Data excerpts »

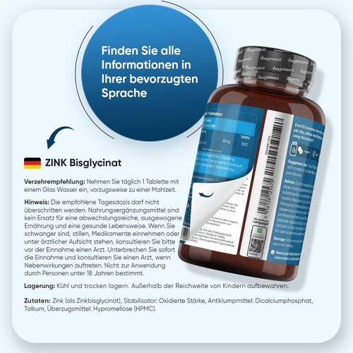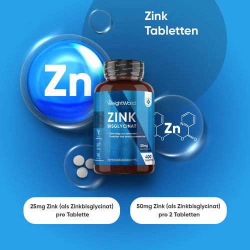 Zink 25mg - 400 Vegane Tabletten - Zink Bisglycinat - Höchste Bioverfügbarkeit
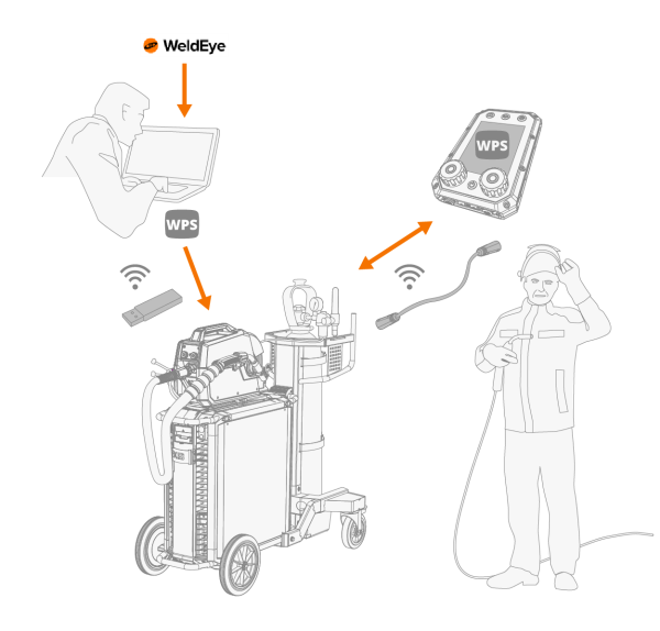 El servicio en la nube WeldEye de Kemppi proporciona herramientas para la creación y edición de EPS. Cuando el sistema de soldadura está conectado a WeldEye, las dEPS se transfieren automáticamente a la memoria de la fuente de potencia de todas las soldadoras conectadas a WeldEye. Si no hay ninguna conexión a Internet disponible, es posible transferir las dEPS a una memoria USB. A continuación, el usuario podrá ver, activar y seleccionar la dEPS con Control Pad. También puede seleccionar la dEPS a través de la pantalla del alimentador de alambre o el control remoto de la pistola para soldar.
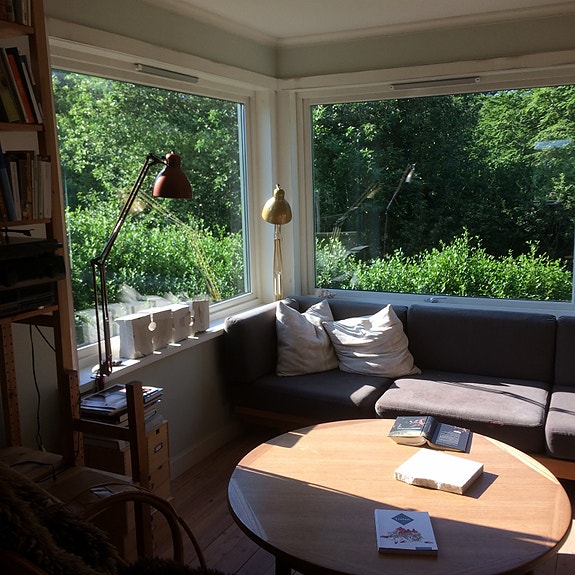 Sofakrok med utsikt til Vålandskogen
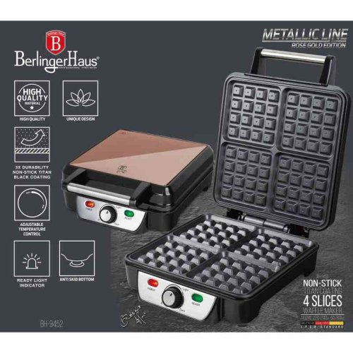 - príkon: 1100W- napätie: 220-240 V, 50/60Hz- veľkosť plochy na pečenie: 23,9*23,9 cm (1 vafle: 11*11 cm)- nepriľnavý Titanový povrch - farba: zlatoružová- pečenie 4 vaflí naraz- kontrolky teploty a prevádzky-
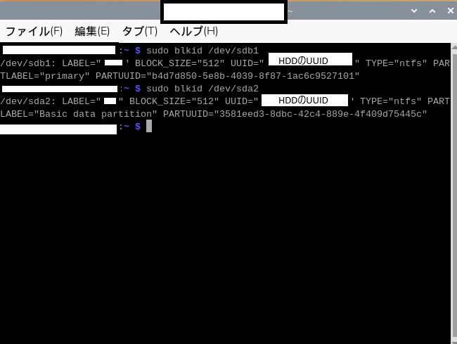 - sudo blkid /dev/**(↑で確認したDevice)
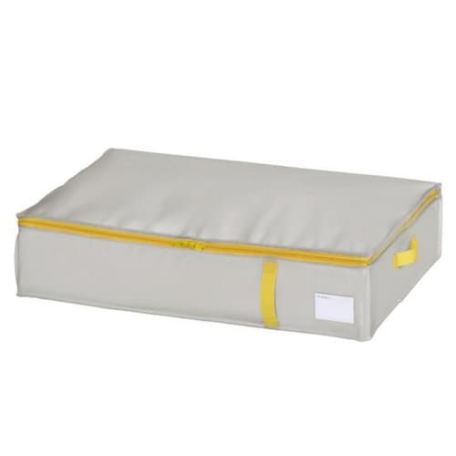 布団をクローゼットのすきまに立てて収納できます 羽毛布団をぎゅっと押して、傷めることなく約1/2の大きさに収納できます。 イエローカラーがアクセントの北欧風デザインです。 |
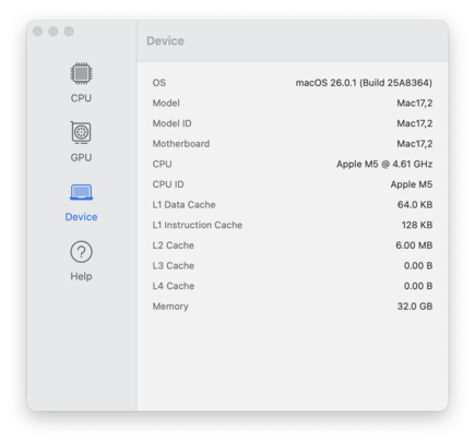 The new M5 SoC is still manufactured using the 3 nm process and once again features 10 cores. Four of these are fast performance cores that reach up to 4.608 GHz, and six are efficiency cores with a maximum clock speed of 3.048 GHz. The processor can consume a maximum of 30.5 watts and then quickly settles at 27.5 watts. For more detailed information and efficiency values, please refer to our analysis article on the new Apple M5.
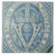 Beautiful blue and white lattice patterned old three pence postage stamp featuring ornate crown and V for Victoria from our British Columbia Collection
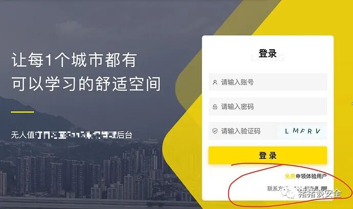 这里21,22的利用肯定是放到后面没办法了再回来搞,看了看svn也没什么可以搞的,几个页面也没什么信息,宝塔和think6.0.2,搜了下相关漏洞也没什么能搞的,只能靠自己了,在自习室系统的登录界面(上面说的xx科技登录是iot设备的登录界面)发现了可以找客户要试用账号,于是加上客服微信要到了试用账号:
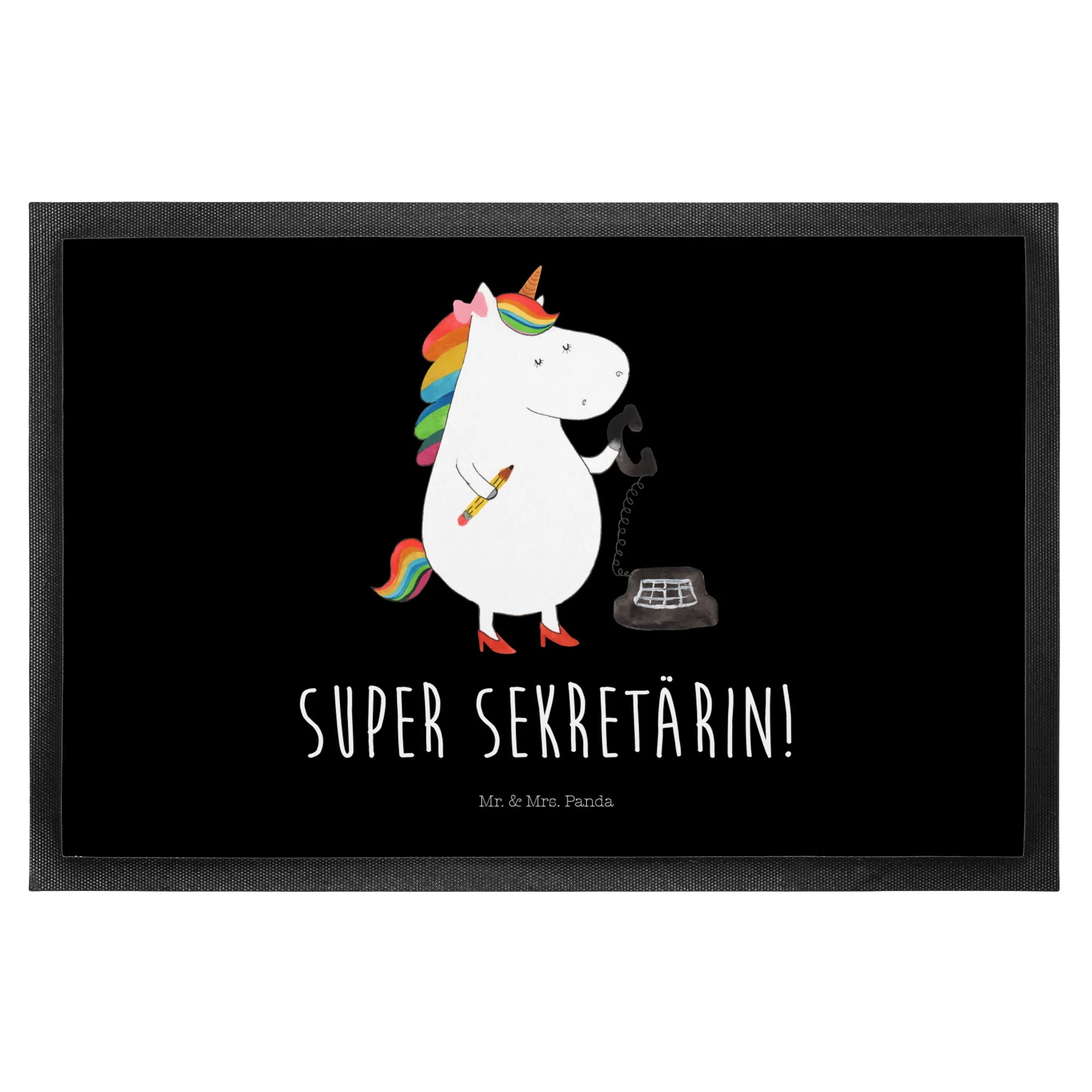 Diese wunderschöne und hochfunktionale Fußmatte ist nicht nur ein praktischer Schmutzfänger, sondern auch ein echter Blickfang. Mit ihrem liebevoll handgezeichneten Einhorn-Motiv, das eine Sekretärin darstellt, bringt sie jeden zum Schmunzeln.
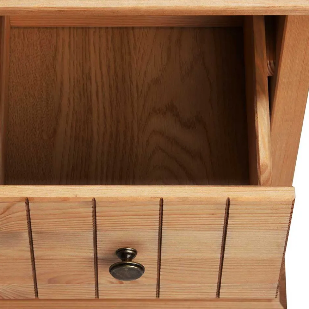 Gefertigt aus massivem Kiefernholz, steht Akzinad für authentische Handwerkskunst, die man nicht nur sieht, sondern auch spürt. Die geölte Oberfläche unterstreicht die natürliche Maserung des Holzes, macht die Struktur lebendig und schafft eine wunderbar warme Haptik. Jeder Ast, jede kleine Unebenheit erzählt eine Geschichte und verleiht Ihrer Kommode einen individuellen Charakter – wie ein liebevoll gestaltetes Unikat. Die rustikale Qualität mit leichten Wuchsrissen und Astlöchern macht dieses Möbelstück nicht nur zum Hingucker, sondern zum Erlebnis.
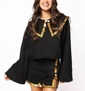 Sample Black & Gold Paillette Collar Top/Skort Set
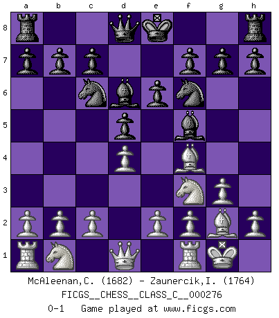 Last move : 0-1 2020 February 16 10:52:2 [Event "FICGS__CHESS__CLASS_C__000276"] [Site "FICGS"] [Date "2020.01.06"] [Round "1"] [White "McAleenan,Charles"] [Black "Zaunercik,Ilmar"] [Result "0-1"] [WhiteElo "1682"] [BlackElo "1764"] 1.Nf3 d5 2.g3 Nc6 3.d4 Nf6 4.Bg2 Bf5 5.O-O e6 6.Bf4 Bd6 0-1 This chess game has been lost on time (started : 2020.01.06 8:8:20) Reti : King's Indian attack (Barcza system) Kingside Castling by player White (move 5) Player Black won this chess game. Follow this game move after move (download)Dazzling combinations are for the many, shifting wood is for the few. (Georg Kieninger) Wer nie einen Fehler gemacht hat, hat nie etwas Neues ausprobiert. (Albert Einstein) Mi estilo es algo parecido entre un poco de Tal y Petrosian. (Reshevsky) Le plus grand jeu de l'esprit jamais inventé, plus vous l'apprenez, plus vous y prenez du plaisir. (Garry Kasparov) I believe in luck. How else can you explain the success of those you dislike ? (Jean Cocteau)
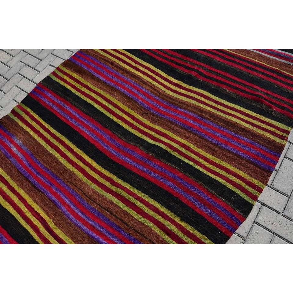 Alfombra turca Vintage étnica roja, negra, 5,2x11,8 pies, área grande, patrón de retazos con respaldo de látex de lana para decoración de pasillo o habitación
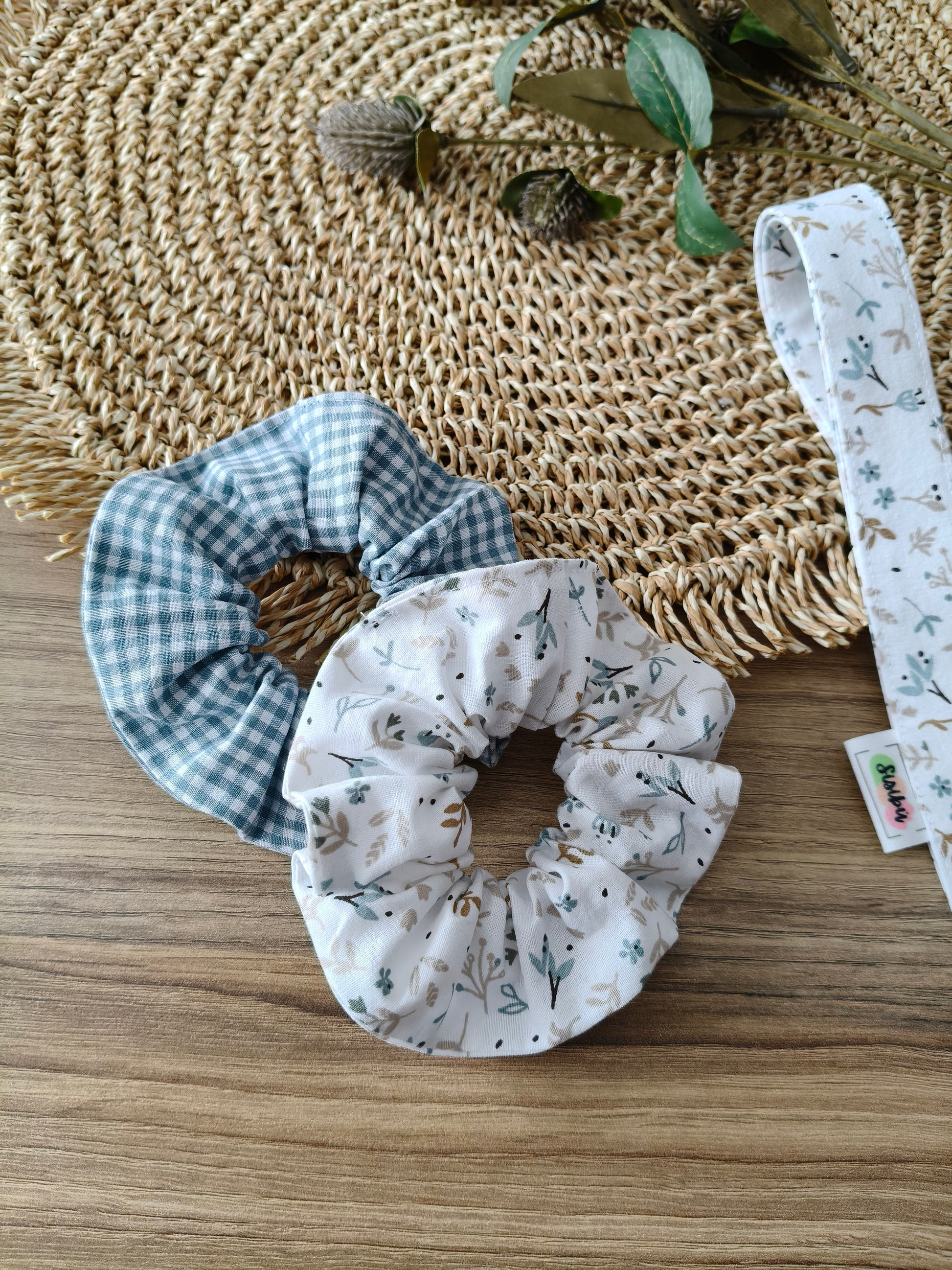 Coletero en estampado de flores o vichy mini verde antiguo.

Task prompt » Write out all the entries exactly, except for the pictures.

Completed exercise »
 Zink 25mg - 400 Vegane Tabletten - Zink Bisglycinat - Höchste Bioverfügbarkeit
 El servicio en la nube WeldEye de Kemppi proporciona herramientas para la creación y edición de EPS. Cuando el sistema de soldadura está conectado a WeldEye, las dEPS se transfieren automáticamente a la memoria de la fuente de potencia de todas las soldadoras conectadas a WeldEye. Si no hay ninguna conexión a Internet disponible, es posible transferir las dEPS a una memoria USB. A continuación, el usuario podrá ver, activar y seleccionar la dEPS con Control Pad. También puede seleccionar la dEPS a través de la pantalla del alimentador de alambre o el control remoto de la pistola para soldar.
 Sofakrok med utsikt til Vålandskogen
 - príkon: 1100W- napätie: 220-240 V, 50/60Hz- veľkosť plochy na pečenie: 23,9*23,9 cm (1 vafle: 11*11 cm)- nepriľnavý Titanový povrch - farba: zlatoružová- pečenie 4 vaflí naraz- kontrolky teploty a prevádzky-
 - sudo blkid /dev/**(↑で確認したDevice)
 布団をクローゼットのすきまに立てて収納できます 羽毛布団をぎゅっと押して、傷めることなく約1/2の大きさに収納できます。 イエローカラーがアクセントの北欧風デザインです。 |
 The new M5 SoC is still manufactured using the 3 nm process and once again features 10 cores. Four of these are fast performance cores that reach up to 4.608 GHz, and six are efficiency cores with a maximum clock speed of 3.048 GHz. The processor can consume a maximum of 30.5 watts and then quickly settles at 27.5 watts. For more detailed information and efficiency values, please refer to our analysis article on the new Apple M5.
 Beautiful blue and white lattice patterned old three pence postage stamp featuring ornate crown and V for Victoria from our British Columbia Collection
 这里21,22的利用肯定是放到后面没办法了再回来搞,看了看svn也没什么可以搞的,几个页面也没什么信息,宝塔和think6.0.2,搜了下相关漏洞也没什么能搞的,只能靠自己了,在自习室系统的登录界面(上面说的xx科技登录是iot设备的登录界面)发现了可以找客户要试用账号,于是加上客服微信要到了试用账号:
 Diese wunderschöne und hochfunktionale Fußmatte ist nicht nur ein praktischer Schmutzfänger, sondern auch ein echter Blickfang. Mit ihrem liebevoll handgezeichneten Einhorn-Motiv, das eine Sekretärin darstellt, bringt sie jeden zum Schmunzeln.
 Gefertigt aus massivem Kiefernholz, steht Akzinad für authentische Handwerkskunst, die man nicht nur sieht, sondern auch spürt. Die geölte Oberfläche unterstreicht die natürliche Maserung des Holzes, macht die Struktur lebendig und schafft eine wunderbar warme Haptik. Jeder Ast, jede kleine Unebenheit erzählt eine Geschichte und verleiht Ihrer Kommode einen individuellen Charakter – wie ein liebevoll gestaltetes Unikat. Die rustikale Qualität mit leichten Wuchsrissen und Astlöchern macht dieses Möbelstück nicht nur zum Hingucker, sondern zum Erlebnis.
 Sample Black & Gold Paillette Collar Top/Skort Set
 Last move : 0-1 2020 February 16 10:52:2 [Event "FICGS__CHESS__CLASS_C__000276"] [Site "FICGS"] [Date "2020.01.06"] [Round "1"] [White "McAleenan,Charles"] [Black "Zaunercik,Ilmar"] [Result "0-1"] [WhiteElo "1682"] [BlackElo "1764"] 1.Nf3 d5 2.g3 Nc6 3.d4 Nf6 4.Bg2 Bf5 5.O-O e6 6.Bf4 Bd6 0-1 This chess game has been lost on time (started : 2020.01.06 8:8:20) Reti : King's Indian attack (Barcza system) Kingside Castling by player White (move 5) Player Black won this chess game. Follow this game move after move (download)Dazzling combinations are for the many, shifting wood is for the few. (Georg Kieninger) Wer nie einen Fehler gemacht hat, hat nie etwas Neues ausprobiert. (Albert Einstein) Mi estilo es algo parecido entre un poco de Tal y Petrosian. (Reshevsky) Le plus grand jeu de l'esprit jamais inventé, plus vous l'apprenez, plus vous y prenez du plaisir. (Garry Kasparov) I believe in luck. How else can you explain the success of those you dislike ? (Jean Cocteau)
 Alfombra turca Vintage étnica roja, negra, 5,2x11,8 pies, área grande, patrón de retazos con respaldo de látex de lana para decoración de pasillo o habitación
 Coletero en estampado de flores o vichy mini verde antiguo.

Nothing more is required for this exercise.